Legal viewpoint - Credit scheme may conflict with levy

Practitioners all have days when we'd like politicians to see through our eyes.

One such day was 28 November, when planning minister Brandon Lewis announced that a financial credit, "equivalent to the existing gross floorspace of any vacant buildings brought back into lawful use or demolished for redevelopment, should be deducted from the calculation of any affordable housing contributions sought from relevant housing schemes".

So even where affordable housing provision remains viable following Community Infrastructure Levy (CIL) and other costs, councils will find that local plan headline requirements will be further eroded where a development site includes any vacant building. The new credit, already enshrined in planning practice guidance, will not apply to "vacant buildings which have been abandoned". But what is "vacant" but not "abandoned"? How do councils calculate the floorspace? How is this to be deducted from policy requirements, which are often calculated per housing unit?

The credit's interaction with CIL is also unclear. CIL is reduced where at least part of an existing building has been lawfully occupied for six months of the three years preceding - usually - a grant of permission.
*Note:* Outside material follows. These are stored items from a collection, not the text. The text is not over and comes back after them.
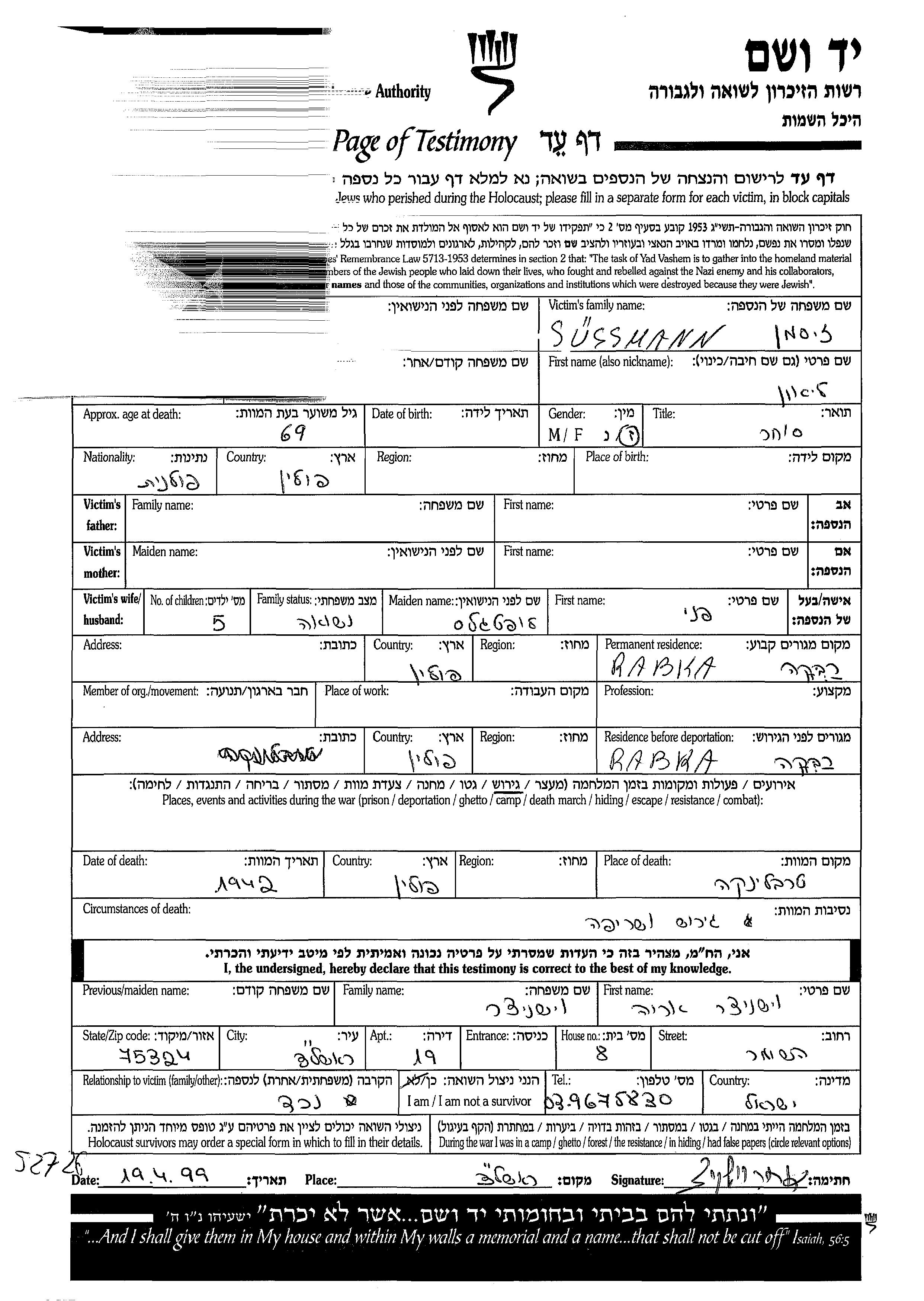 Sussmann Lion Rabka, Pologne Feuille de témoignage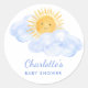 Este chá de fraldas bonito é decorado com uma aquarela amarela, sol, nuvens e tipografia azul na moda. Facilmente personalizável. Original Watercolor © Michele Davies.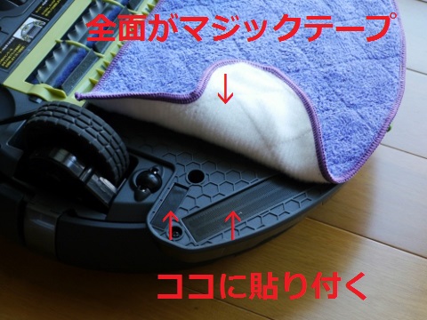 モップの裏面全体がマジックテープになっていて、ボードと固定できます。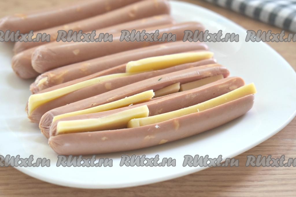 Сыр твёрдых сортов нарезаем на тонкие пластинки и вставляем в разрез каждой сосиски.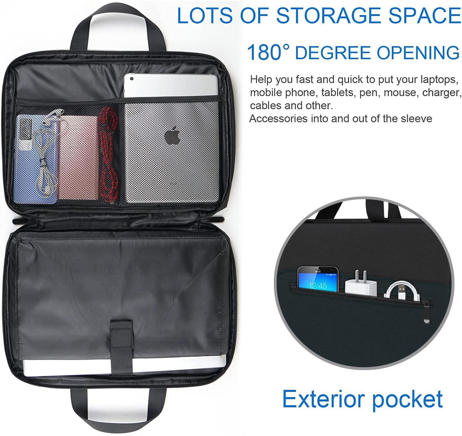 ??LOTS OF STORAGE SPACE: External Dimensions: 15.8 x 11.5 x 1.8 Inches, This 15.6-inch laptop Case bag has enough space to store laptop peripherals, a separate laptop compartment inside can accommodate 15-15.6-inch laptops, and two mesh pockets can store such as pens, Mouse, Headphones Cables, Chargers, Books, Power Packs, Ipads And Other etc. There is a front pocket on the outside to store your phone, Keys, business cards, Small Items, etc.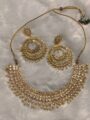 Celebrate timeless elegance with this exquisite Hyderabadi gold plated necklace set, paired with stunning big chandbali earrings. Crafted with intricate traditional detailing, the necklace reflects classic Hyderabadi artistry and graceful charm.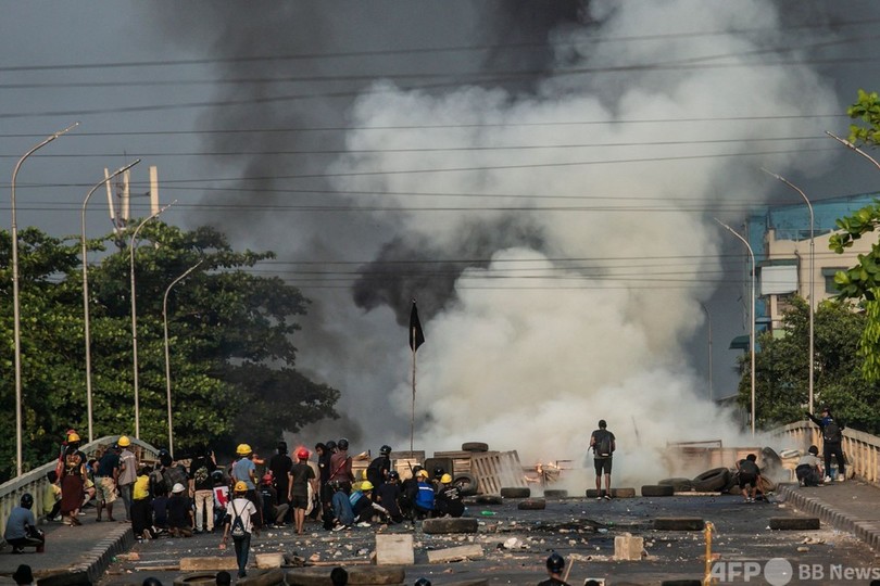 ミャンマーでは、治安部隊が国際社会の求めに応じず、反クーデターデモの参加者に対して殺傷力のある武器を用いた弾圧をエスカレートさせている。(c)AFP

Developers could well secure this reduction but also argue that, for the purposes of the credit, the building is "vacant".

Meanwhile, the Autumn Statement promised to speed up section 106 negotiations. The aim is familiar and worthy, but political ignorance of some of the causes for protracted talks persists. The sector was sold the idea of CIL partly in return for a simpler section 106 system, which hasn't materialised. Affordable housing is usually the most complicated part of any section 106 deal. CIL does not address that. Indeed, its effect on viability puts more pressure on affordable housing. Also, the regulation 122 "necessity" test and the regulation 123 restrictions on pooled contributions are causing untold complications.

Outside CIL, we are in a political world where all physical and social infrastructure is sought from developers via amorphous negotiations - without clear ground rules - on such matters as healthcare, education and policing, often against changing administrative and funding regimes. Section 106 deals on any major scheme thus become bespoke public-private sector multi-million-pound delivery agreements.

Yet section 106 deal are also legal documents. It takes two to reach an agreement, and the stakes are high. Developers need to ensure that obligations are ring-fenced and do not render schemes unmarketable. Councils' resources are limited and complex agreements put normal life on hold if workable mechanisms are to be hammered out. No-one wants the uncertainty of an appeal against the background of a contentious unilateral undertaking. Against such an uncertain and difficult background, I am regularly impressed by how quickly section 106 agreements for major schemes are concluded.